D.C. Superintendent Michelle Rhee’s school reform recipe includes three ingredients: close schools rather than improve them; fire teachers rather than inspire them; and sprinkle on a lot of media-thrilling hype.
Appearing on the cover of Time, Ms. Rhee sternly hovered over the camera holding a broom, which she was using to sweep trash, the trash being a metaphor for my urban teacher colleagues. MS RHEE, MY COLLEAGUES WHO WORK IN SOME OF THE TOUGHEST SCHOOLS IN THE UNITED STATES ARE NOT TRASH.
TFA teachers are a welcome addition to our nation’s public schools, and TFA and its offspring, the KIPP and YES charter schools, provide valuable services, but no data exists proving they are closing the achievement gap, or that they (have a formula to close the gap, for the majority of low-income students. KIPP/YES teachers do great work, but they have students whose families apply to schools with longer school days, Saturday classes, an extra month of school in the Summer, and nightly loads of homework. Only a small minority of working-class families will allow schools to take over their kids’ lives that much.)
The TFA coalition implies poor schools and bad teachers create the achievement gap. They want the community to give them power because only they can bring“reform” by eliminating job security and diminishing teacher influence over policy.
This anti-teacher attitude derives from Ms. Kopp’s original vision when she decided, from her Princeton perch and without a day in the classroom, that inexperience was better for teachers than experience.
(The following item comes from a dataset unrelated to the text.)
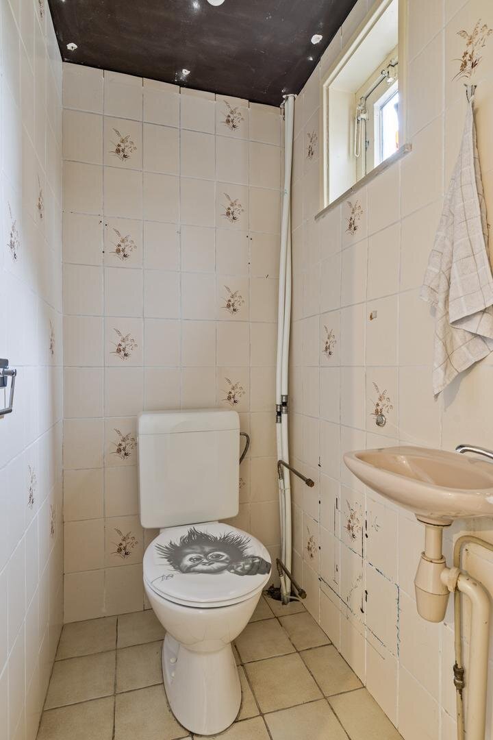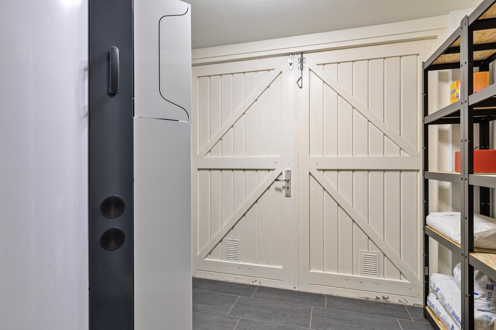 Vanuit de keuken is er toegang tot de achterhal/bijkeuken. Hier bevindt zich enerzijds een berging met cv-opstelling en openslaande deuren naar de oprit, en anderzijds een multifunctionele ruimte met toegang tot de tuin – ideaal als werk-, slaap- of speelkamer.

They are launching an unAmerican Ivy League class war on those same veteran teachers who have dedicated their careers to the toughest schools in America.
shawn disney on June 25, 2009, 9:43 PM
Alec Macaulay on July 28, 2009, 1:52 PM
Jesse Aldred wrote: “TFA teachers are a welcome addition to our nation’s public schools, and TFA and its offspring, the KIPP and YES charter schools, provide valuable services, but no data exists proving they are closing the achievement gap…”
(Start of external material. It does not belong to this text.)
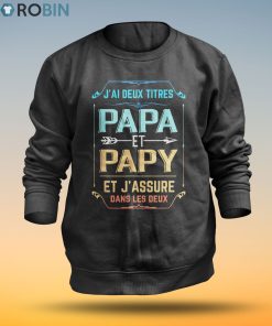 This Homme Deux Papa Jai Et Papy Titres Grand Pre Shirt features a classic style and design. This classic t-shirt has a great fit and is perfect for any man who has two dads, papa and grandpa. The shirt features a crew neck styling with a t-shirt length hem, a print of the two titles dad and grandpa on the front, and a solid color background. It is perfect for any man who is proud of both of his dad and grandpa titles. The classic fit of this shirt ensures that it will look great no matter the occasion.

Not so, Jesse. A study published by the independent and non-partisan Urban Institute provides data that the exact opposite is actually true. In what is believed to be the first scientific study of Teach For America’s impact at the secondary school level, researchers found that TFA teachers had a greater positive impact on student scores than experienced traditionally-trained teachers did. This impact more than doubled when TFA teachers were compared with traditionally-trained teachers with less than three years of experience.
Perhaps the authors of the study say it best:
“The findings show that TFA teachers are more effective, as measured by student exam performance, than traditional teachers. Moreover, they suggest that the TFA effect, at least in the grades and subjects investigated, exceeds the impact of additional years of experience, implying that TFA teachers are more effective than experienced secondary school teachers.”
“Our findings show that secondary school TFA teachers are more effective than the teachers who would otherwise be in the classroom in their stead. While these other teachers are a diverse group in terms of background and training, for policy purposes they are an appropriate comparison group. Other things being equal, the findings suggest that disadvantaged students taught by TFA teachers are better off than they would be in the absence of TFA.”
Simply put, Teach For America IS working, and those who continually berate it for its radically innovative ideas are stuck in the same box that our educational system is trying so hard to get out of. If real change is to happen, we need the efforts of everyone, traditional and TFA alike.